Corn yield potential in western Iowa was above average as favorable weather during planting and late in the growing season boosted crop prospects, scouts on an annual survey of top U.S. production states said on Wednesday.
Soybean crop potential was more variable, but generally higher than average, scouts on the Pro Farmer Midwest Crop Tour said.
“There were struggles in some areas … But overall, the weather in the first fourth of the growing season and the last fourth of the season has been very conducive for a strong crop,” said Brent Judisch, a farmer from Cedar Falls, Iowa, and a scout on the tour.
Corn plant development was more advanced than normal as hot early-season weather accelerated growth. But temperatures have moderated recently, which should help plants fatten corn kernels and limit the impact of stressful midseason conditions on yields, scouts said.

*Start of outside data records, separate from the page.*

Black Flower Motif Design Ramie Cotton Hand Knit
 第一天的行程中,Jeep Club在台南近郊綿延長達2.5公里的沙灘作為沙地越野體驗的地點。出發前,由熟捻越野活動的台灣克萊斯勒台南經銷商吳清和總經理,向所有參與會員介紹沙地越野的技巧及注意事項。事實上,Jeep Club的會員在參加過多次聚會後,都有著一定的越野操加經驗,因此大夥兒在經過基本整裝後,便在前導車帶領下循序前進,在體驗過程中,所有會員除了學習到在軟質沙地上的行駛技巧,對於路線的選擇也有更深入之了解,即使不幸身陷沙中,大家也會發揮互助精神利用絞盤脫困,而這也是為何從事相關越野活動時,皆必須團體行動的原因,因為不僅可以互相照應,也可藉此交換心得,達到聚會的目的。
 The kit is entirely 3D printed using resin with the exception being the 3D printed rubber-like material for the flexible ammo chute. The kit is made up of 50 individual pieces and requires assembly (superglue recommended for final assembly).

“We thought that the quick-maturing crop was going to cause some issues, but recent weather has been very good,” Judisch said.
Scouts on one route through Woodbury and Plymouth counties estimated average corn yields at 201 bushels per acre (bpa), up from 179 bpa in the same region last year and the three-year average of 183.5. Another route through Pottawattamie, Harrison and Crawford counties estimated average corn yields at 193.7 bpa, versus 181.6 last year and an average of 181.9 bpa.

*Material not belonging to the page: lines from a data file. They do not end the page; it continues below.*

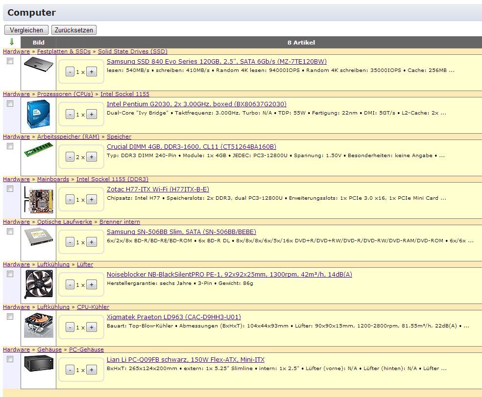 G3220 auf Asus B85M mit C2 Stepping steht grad auf meinem Wunschzettel. Ich hab noch ein altes Silverstone LaScala das ich weiterverwenden will, ebenso wie ne 80 GB SSD, ne 3TB HDD und 4GB DDR3... Also fast alles vorhanden. Aber schon allein wegen der CPU/MB Kombo kannst du ewig rumtun ;-)
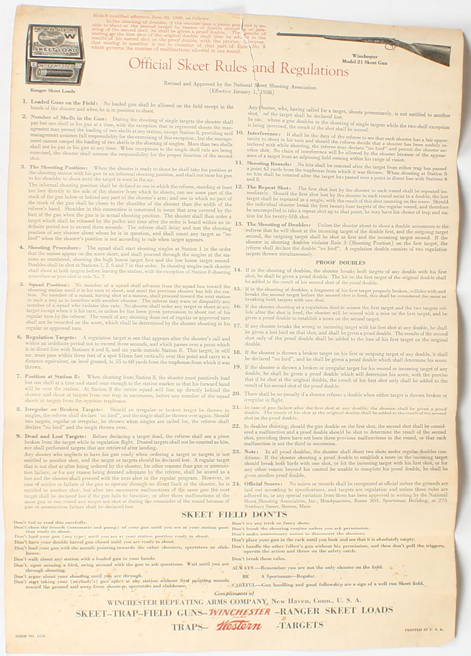 Winchester-Western Official Skeet Rules & Regulations for the 1938 National Skeet Shoot, has great image of Ranger Skeet Load shotshell box at top with Winchester Model 21 Skeet Gun, 15'' x 22'', has two tear to top. Grade: Very Good ++ - Value: 10 to 100
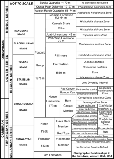 Taylor, M. E., & Landing, E. (1982). Biostratigraphy of the Cambrian–Ordovician transition in the Bear River Range, Utah and Idaho, western United States. In M. G. Bassett, & W. T. Dean, (Eds.), The Cambrian–Ordovician Boundary: sections, fossil distributions, and correlations. National Museum of Wales, Geological Series No. 3, 181–191.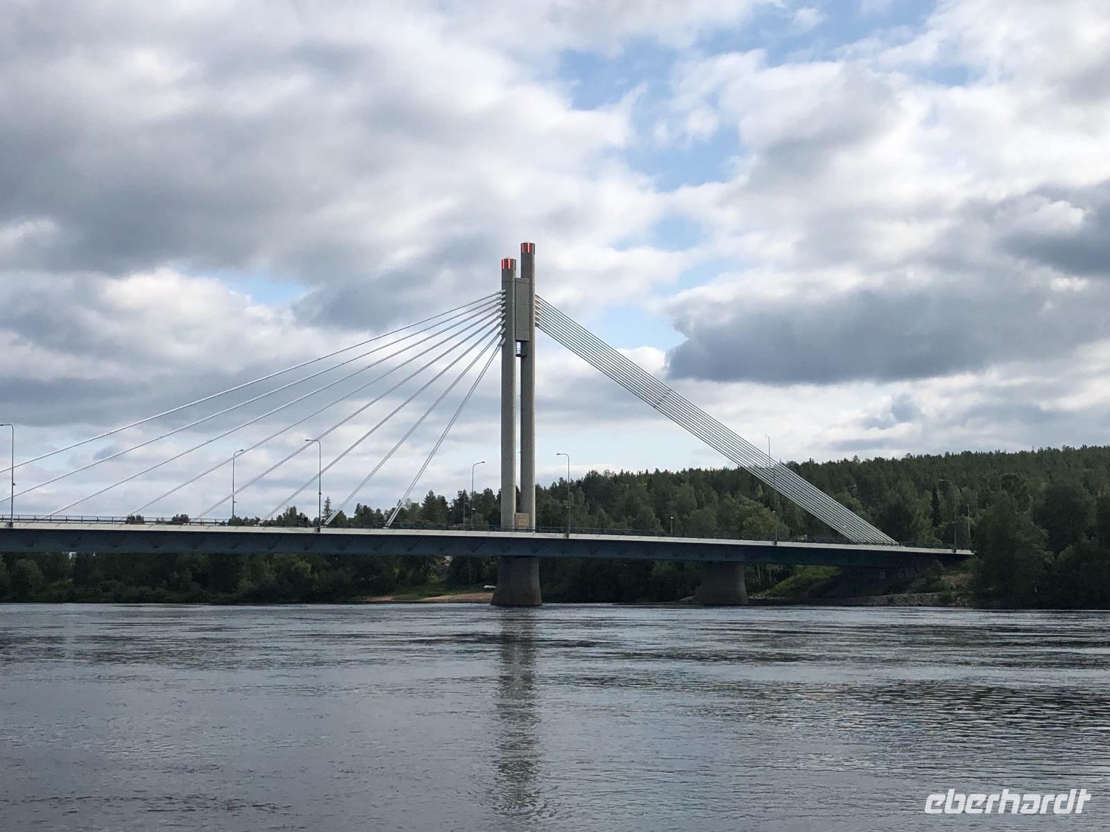 Heute fliegen wir mit Finnair (AY) von Berlin Tegel, Frankfurt und Wien über Helsinki in die nördlichste Region Finnlands, nach Lappland. Abfertigung, Sicherheitskontrollen sind leicht zu bewältigen. Der Sitzkomfort bei Finnair ist ok, man hat genügend Beinfreiheit. Obwohl auf angekündigt ist, dass es Speisen und Getränke nur gegen Bezahlung gibt, wird uns auf beiden Flügen ein Getränk (kostenlos) serviert. Mit einer halben Stunde Verspätung (kaum der Rede wert) erreichen wir Rovaniemi. Ein Koffer hat es nicht geschafft. Unsere örtliche Reiseleiterin Anina heißt uns herzlich Willkommen. Nachdem das Protokoll zu dem verlorenen Koffer angefertigt wurde, fahren wir zu unserer Unterkunft, den Ounasvaara Chalets. Hier beziehen wir die gemütlichen Holzhütten, die eine dörfliche Gemeinschaft bilden. Um unser Hotel zu erreichen, müssen wir sowohl den Fluss Ounasjoki und dann den Keminjoki überqueren. Über den Keminjoki führt eine dreihundertzwanzig Meter lange Brücke namens Jätkänkynttilä. Diese hat einen markanten mittleren Pfeiler, an dem Zugseile befestigt sind. Auf der Spitze befindet sich das Symbol einer ewigen Flamme. Die Brücke gilt als Wahrzeichen der Stadt und wird nachts beleuchtet.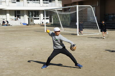 大谷翔平選手から寄贈されたグローブで、子どもたちは昼休みにキャッチボールを楽しんでいます。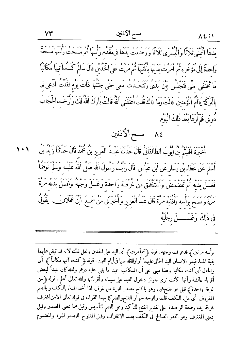 [101] من غرفَة وَاحِدَة قيل هُوَ بِفَتْح غين وَهُوَ بِالْفَتْح مصدر للمرة من غرف إِذا أَخذ المَاء بالكف وبالضم المغروف أَي ملْء الْكَفّ قلت وَالْوَجْه جَوَاز الْفَتْح وَالضَّم كَمَا بهما الْقِرَاءَة فِي قَوْله تَعَالَى الا من اغترف غرفَة بِيَدِهِ وَصفَة الْوحدَة على تَقْدِير الْفَتْح للتَّأْكِيد وعَلى الضَّم للتأسيس وَقيل هما بِمَعْنى الْمصدر وَقيل بِمَعْنى المغترف وَهُوَ الْقدر الصَّالح فِي الْكَفّ بعد الاغتراف وَقيل المفتوح للمصدر للمرة والمضموم اسْم للقدر الْحَاصِل فِي الْكَفّ بالاغتراف وَالله تَعَالَى أعلم قَوْله بالسباحتين السَّبَّاحَةُ وَالْمُسَبِّحَةُ الْأُصْبُعُ الَّتِي تَلِي الْإِبْهَامَ سُمِّيَتْ بذلك لِأَنَّهَا يشار بهَا عِنْد التَّسْبِيح وَهَذَا اسْم إسلامي وضعوها مَكَان السبابَة لما فِيهِ من الدّلَالَة على الْمَعْنى الْمَكْرُوه قَوْله

The U.S. Department of Agriculture (USDA) this month projected Iowa’s average corn yield at 202 bpa, on par with 2017, which was the second-highest yield on record for the country’s top corn state.
Soybean pod counts along the first route averaged 1,013 pods per 3-by-3-foot plot, versus 1,064 pods last year and the three-year average of 1,186. The second route calculated 1,416 pods per plot, well above the 1,149 in the same region during last year’s tour and the three-year average of 1,249.
Scouts do not estimate soy yields but instead estimate pods per 9 square feet to gauge yield potential.
The USDA is projecting Iowa’s soybean yields at 59 bpa, the second-largest on record for the No. 2 soybean state.
The western leg of the tour began in South Dakota and the eastern leg began in Ohio, with the two groups set to converge in Minnesota on Thursday. Pro Farmer, the news and marketing wing of Farm Journal, will release its estimates of U.S. crop production on Friday, drawing from data collected on the tour and other sources.